Posture and core strength: Standing all day and maintaining a good posture really adds to the strength of your core. Less soreness in your back and tailbone compared to when you sit for eight to ten hours a day.

Ready for action: When you’re sitting and sedentary, it can take a few moments to get up and away from your desk in the case of an emergency or you just realized you’re late for a meeting. Standing at your desk you are like a keen-eyed antelope, ready to spring away.


Leg/feet soreness: The first few days/weeks are brutal if you don’t prepare. It will take different people a different length of time to get acclimated to standing that long. It will be uncomfortable for a bit, but if you can power through, it pays off in the end.

Lunch:If your workplace is an “eat-at-your-desk” type of place, then this can make lunch annoying. It’s hard to stand over your desk and eat. My advice: have a place to sit or go elsewhere to eat. If you must work and eat, be mindful of spills and the fact that everyone can see you eat.

Long days: If you work long days, it can get a little rough toward the end. I realize the whole idea is that the standing is good for you, but after ten hours, even the hardiest of folks will start to get a little fatigued. If possible, have a sitting option like a tall stool.

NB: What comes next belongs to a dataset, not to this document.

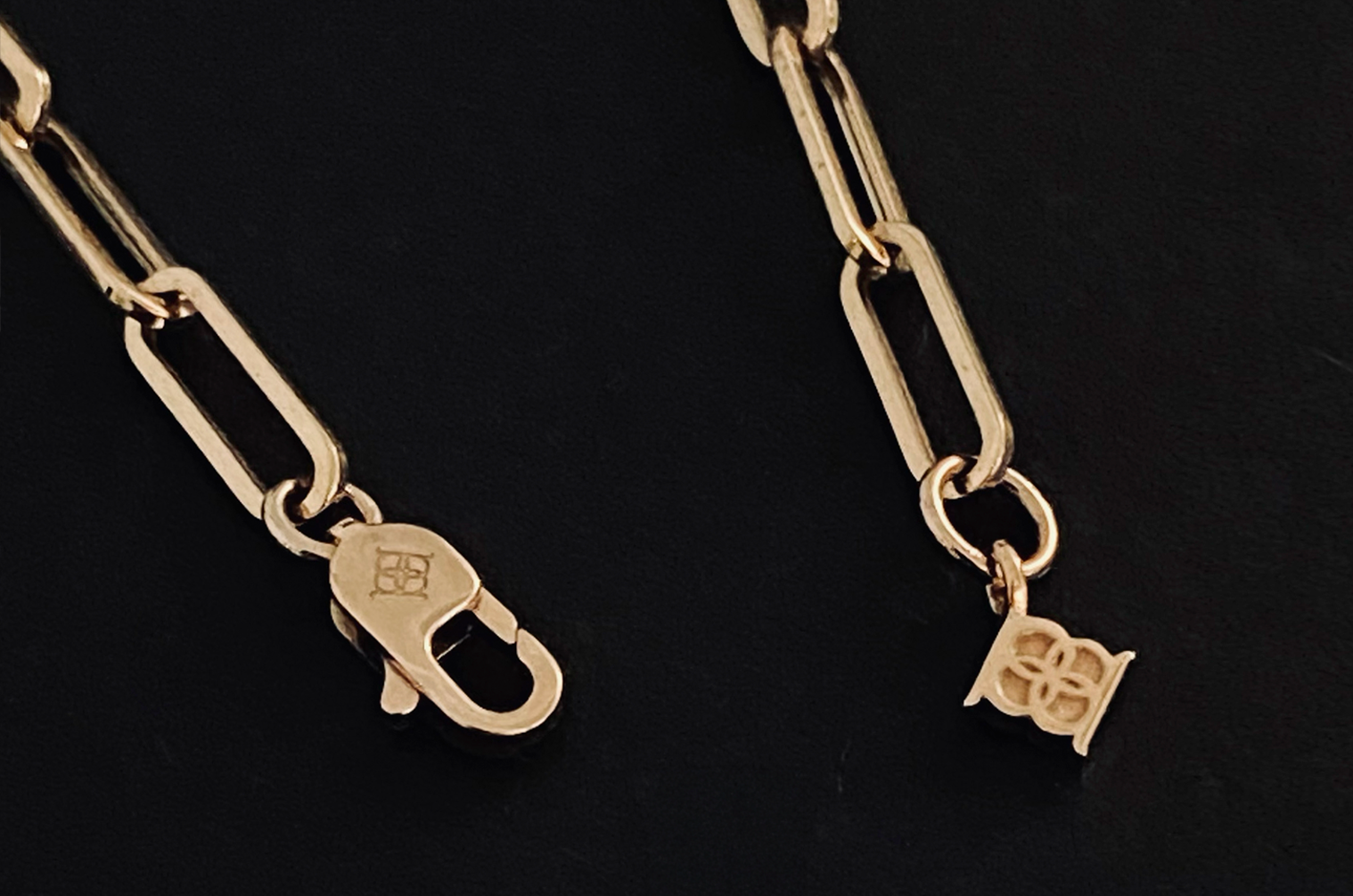ARA 選用經典的十字鏈(又稱卡地亞鏈)進行訂製,其密度與含金量皆高於一般市售鏈條,重量更扎實、不易斷裂,佩戴起來也更能感受到珠寶應有的份量感與質感。

Everyone can see you: So yeah, this part has its disadvantages too. Need to pick a boogie, people can see you. Bad hair day, people can see you. Did you spill some coffee on your crotch, yup, people can see you. Now this only applies if you are in a relatively open workspace (which is becoming more common). If you have your own office, this won’t matter as much. On the other hand, if you have a most bodacious posterior that looks great while standing, well then, everyone can see you (and it!).

Vericose Vein: Although undeniably a much healthier option than using a sitting desk, using a Standing Desk can actually increase the possibility of acquiring the dreaded varicose vein.


Mats: Think about getting an anti-fatigue mat. This will cushion your feet and really make it easier on your body. Standing all day on office carpet or a wood floor is a one-way ticket to “this sucks” town. 

Shoes: If possible, bring a pair of comfortable shoes to leave at work. If you work in a more casual place and can just wear more cushioned shoes to work then just do that.

Health issues: If you have back, leg, knee or other health issues that might not jibe with a standing desk. You don’t want to run the danger of doing something for yourself that might actually be worse.

Ease into it:
Standing for your entire eight hour shift from day one might be a little intense. Try easing into it if possible. Stand for 2 hours, sit for thirty minutes or an hour, repeat. Or whatever is most comfortable for you — the key is comfort and doing what is best for your body type, health condition, and personal work scenario.

Ergonomics: If your workplace has a dedicated ergonomics person, use them. They probably already have standing desk solutions or equipment to help get you started (if your workplace approves). This can ensure you are building a correct standing workplace and not doing anything to harm yourself or create long-term arm, shoulder, or other joint problems (or carpal tunnel syndrome).